*** Block opens ***

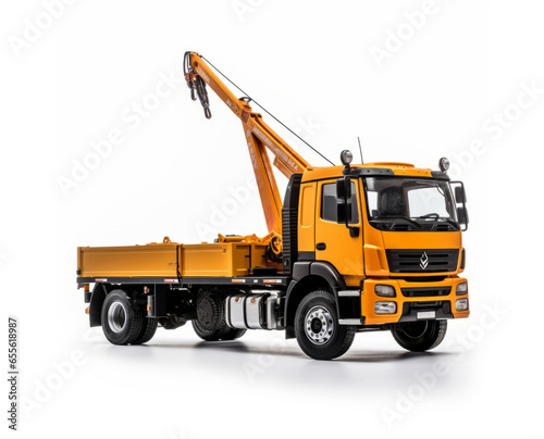 Yellow flatbed truck with crane arm. Car manipulator isolated on a white background
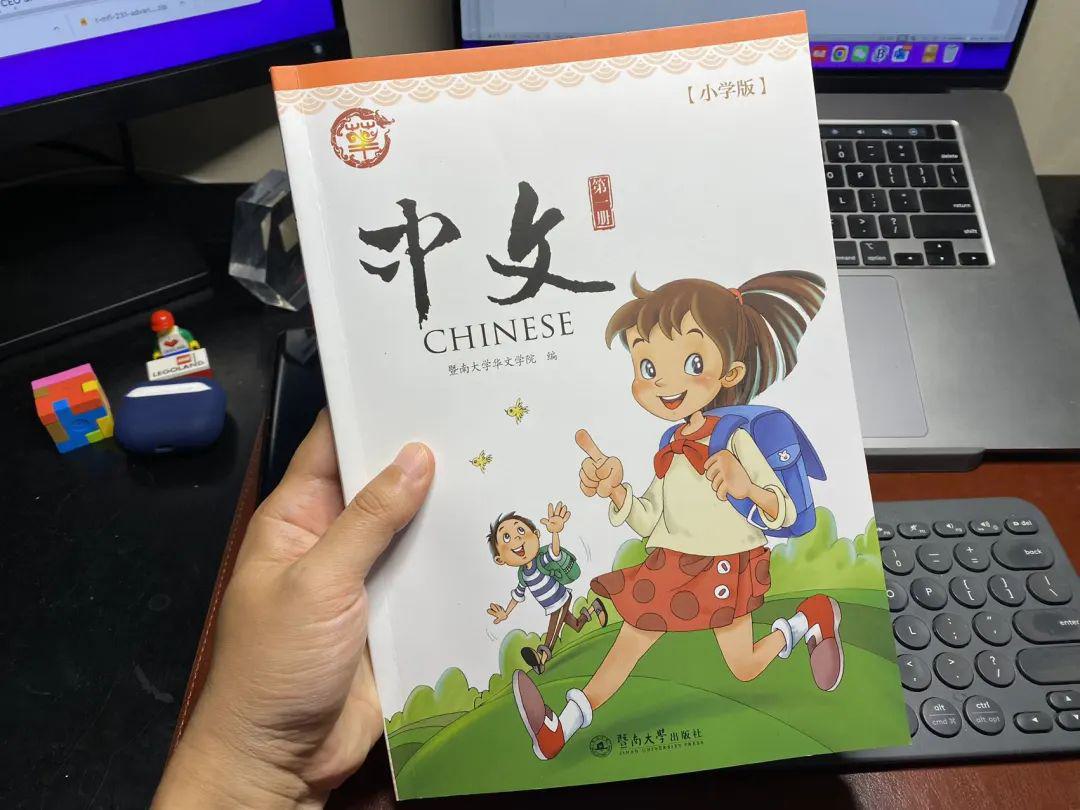 前幾天,妹妹學(xué)校發(fā)了外語教材,只不過對她們學(xué)校來說,英語是母語,而外語是中文,每天都學(xué)。
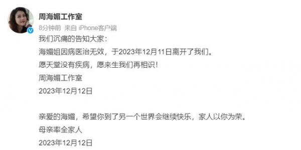 2023年12月12日,周海媚工作室终于出面回应了周海媚去世传闻,确认了57岁的周海媚因病去世了。
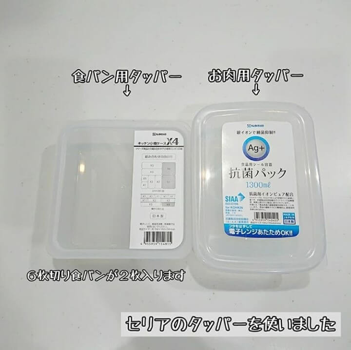 「冷凍庫収納は倒れたり埋もれたりすると、使い忘れて消費期限が切れてしまうことも。セリアで見つけたジャストサイズの容器なら、見やすいだけでなく、スペースをムダにせず収納できるし、パンもお肉も自家製冷凍も、つぶれたり変形したりしません。ただ冷凍用の商品ではないので、自己責任で使っています。」@akko.2no3さん
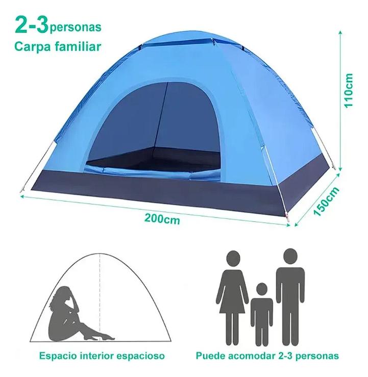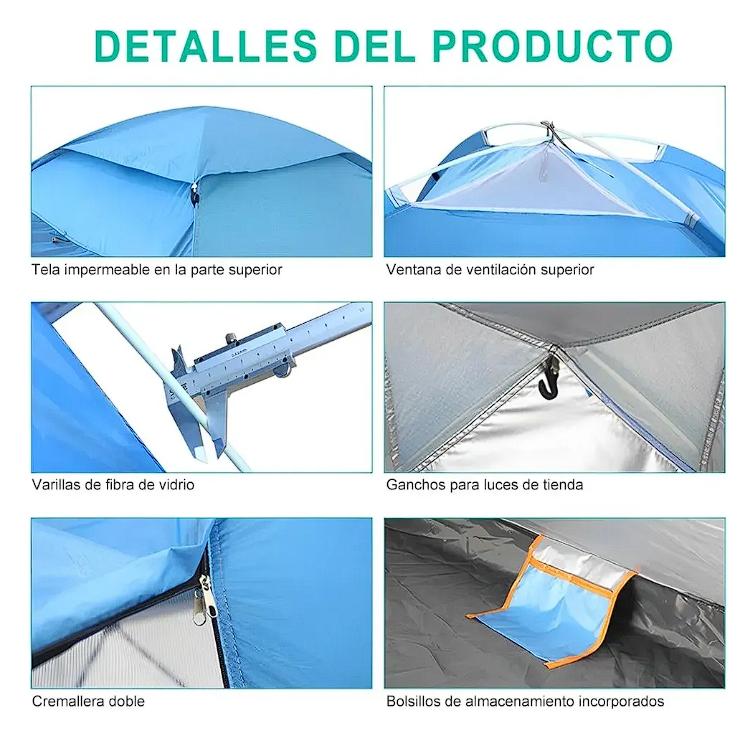 Diseño de doble puerta suficientemente espacioso: la tienda está diseñada con una puerta delantera y otra trasera. Podéis entrar y salir sin tener que arrastraros unos sobre otros. Podrás moverte libremente o colocar todo tipo de material de acampada. Dimensiones sin plegar: 200 x 150 x 110 cm. Tiene capacidad para 2 adultos y 1 niño que pueden entrar y salir libremente y sin molestias.
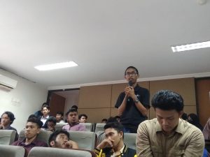 Salah satu mahasiswa dari jurusan Studi Agama-Agama (SAA), Iqbal Muhammad, memberikan pertanyaan kepada pembicara Launching Buku “Perempuan Perspektif Tasawuf”, bertempat di Lecture Theater (LT) Fakultas Ushuluddin, Filsafat, dan Politik (FUFP), Senin (9/12/2019)
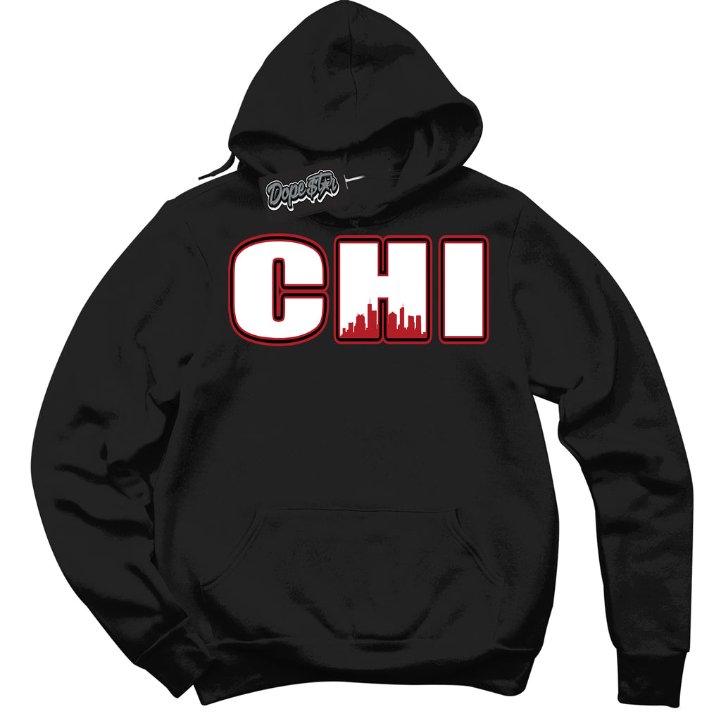 Chicago Graphic Sneaker Hoodie by Sneaker Shirts Outlet® is designed to perfectly match your Dunk Low Black Toe Bright Crimson.
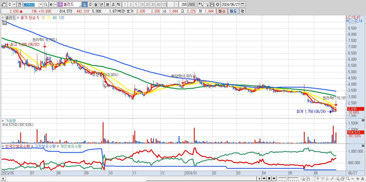 - 셀리드 (2,030원 ▲ 10.69% , 시총: 276억, 거래량: 814,573, 거래대금:17억)

*** Block closes ***

__Your task__
Since the pictures are not wanted, transcribe only the rest of the material above, exactly as it stands.

__Final answer__
 Yellow flatbed truck with crane arm. Car manipulator isolated on a white background
 前幾天,妹妹學(xué)校發(fā)了外語教材,只不過對她們學(xué)校來說,英語是母語,而外語是中文,每天都學(xué)。
 2023年12月12日,周海媚工作室终于出面回应了周海媚去世传闻,确认了57岁的周海媚因病去世了。
 「冷凍庫収納は倒れたり埋もれたりすると、使い忘れて消費期限が切れてしまうことも。セリアで見つけたジャストサイズの容器なら、見やすいだけでなく、スペースをムダにせず収納できるし、パンもお肉も自家製冷凍も、つぶれたり変形したりしません。ただ冷凍用の商品ではないので、自己責任で使っています。」@akko.2no3さん
 Diseño de doble puerta suficientemente espacioso: la tienda está diseñada con una puerta delantera y otra trasera. Podéis entrar y salir sin tener que arrastraros unos sobre otros. Podrás moverte libremente o colocar todo tipo de material de acampada. Dimensiones sin plegar: 200 x 150 x 110 cm. Tiene capacidad para 2 adultos y 1 niño que pueden entrar y salir libremente y sin molestias.
 Salah satu mahasiswa dari jurusan Studi Agama-Agama (SAA), Iqbal Muhammad, memberikan pertanyaan kepada pembicara Launching Buku “Perempuan Perspektif Tasawuf”, bertempat di Lecture Theater (LT) Fakultas Ushuluddin, Filsafat, dan Politik (FUFP), Senin (9/12/2019)
 Chicago Graphic Sneaker Hoodie by Sneaker Shirts Outlet® is designed to perfectly match your Dunk Low Black Toe Bright Crimson.
 - 셀리드 (2,030원 ▲ 10.69% , 시총: 276억, 거래량: 814,573, 거래대금:17억)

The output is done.